Still, there is a reason that you may want to bypass HttpClientHandler and use SocketsHttpHander directly: some of its configurability is not available on HttpClientHandler. So long as you don't need to support Blazor, you can do this:

// clientless pattern:
FlurlHttp.Clients.WithDefaults(builder =>
    builder.UseSocketsHttpHandler(shh => {
        shh.PooledConnectionLifetime = TimeSpan.FromMinutes(10);
        ...
    }));

// DI pattern: 
services.AddSingleton<IFlurlClientCache>(_ => new FlurlClientCache()
    .WithDefaults(builder => builder.UseSocketsHttpHandler(shh => {
        ...
    })));

Note: Calling both ConfigureInnerHandler and UseSocketsHttpHandler on the same builder will result in a runtime exception. Use one or the other, never both.
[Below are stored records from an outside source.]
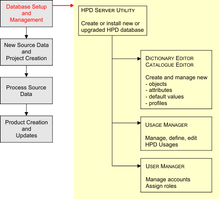 Database Creation • Create new HPD database • Upgrade existing schema | HPD Server | HPD Server is used to create or upgrade an HPD database schema. |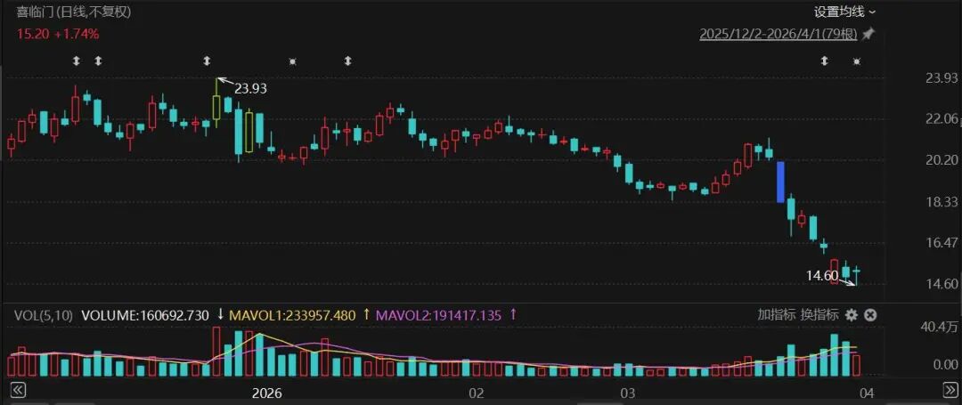 4月1日,喜临门收于15.2元/股,总市值约56亿元。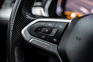 Exteriört sticker bilen ut med sin aggressiva Nardogrå lack och R-Line Edition-paketet, som förstärker den sportiga designen. Full LED-belysning med LED-huvudstrålkastare, LED-bakljus, dagljus med assistansljus samt Coming Home-funktion ger både stil och funktion. Sportutrustningen och de sportiga detaljerna gör att bilen ser lika snabb ut som den faktiskt är.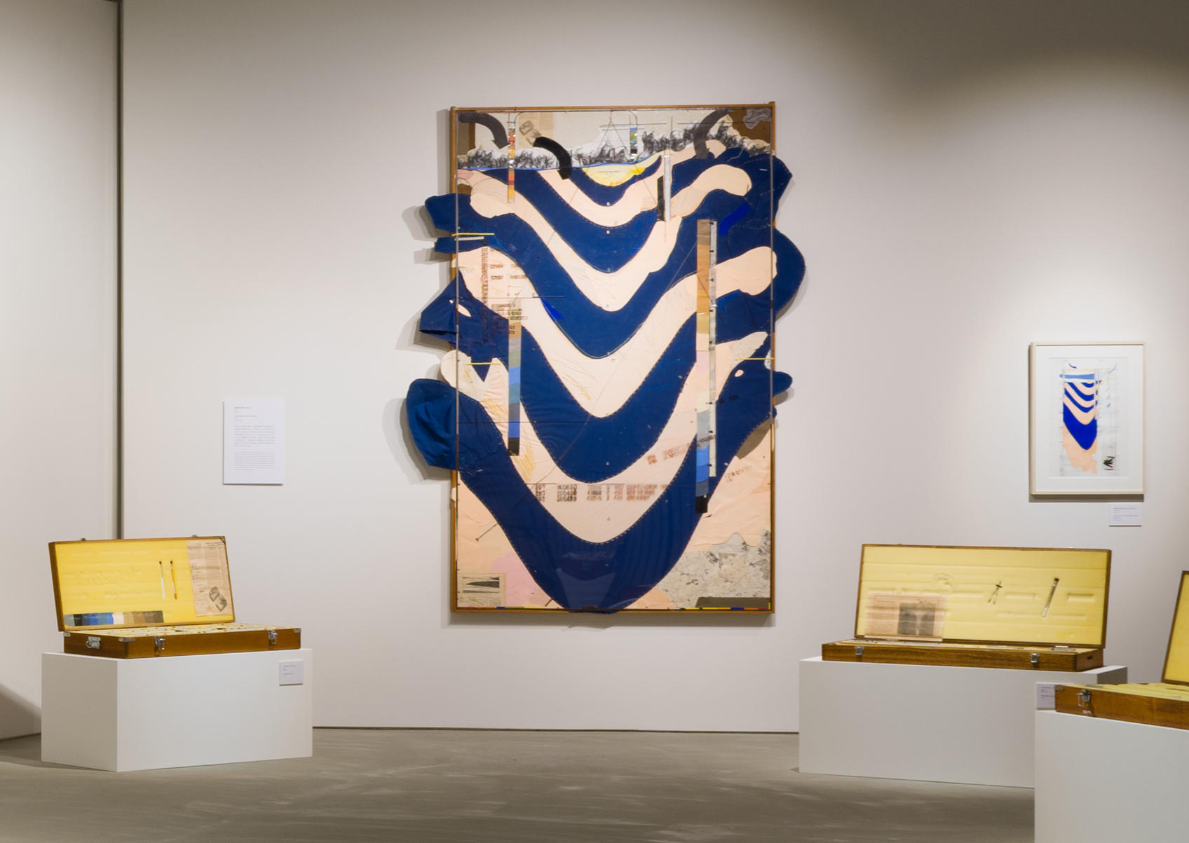 写真中央:《房総の帯水層・地下水》布コラージュ、253x188cm、1995(「磯辺行久―環境・イメージ・表現」展(市原湖畔美術館、2013)展示風景)

The final type of message handler Flurl supports directly is DelegatingHandler, a chainable handler type commonly referred to as middleware and often implemented by third-party libraries.

// clientless pattern:
FlurlHttp.Clients.WithDefaults(builder => builder
    .AddMiddleare(new MyDelegatingHandler()));

// DI pattern: 
services.AddSingleton<IFlurlClientCache>(sp => new FlurlClientCache()
    .WithDefaults(builder => builder
        .AddMiddleware(sp.GetService<IMyDelegatingHandler>())

This example uses Polly, a popular resiliency library, along with configuring Flurl in a DI scenario:

using Microsoft.Extensions.Http;

var policy = Policy
    .Handle<HttpRequestException>()
    ...

services.AddSingleton<IFlurlClientCache>(_ => new FlurlClientCache()
    .WithDefaults(builder => builder
        .AddMiddleware(() => new PolicyHttpMessageHandler(policy))));

The above example requires installing Microsoft.Extensions.Http.Polly.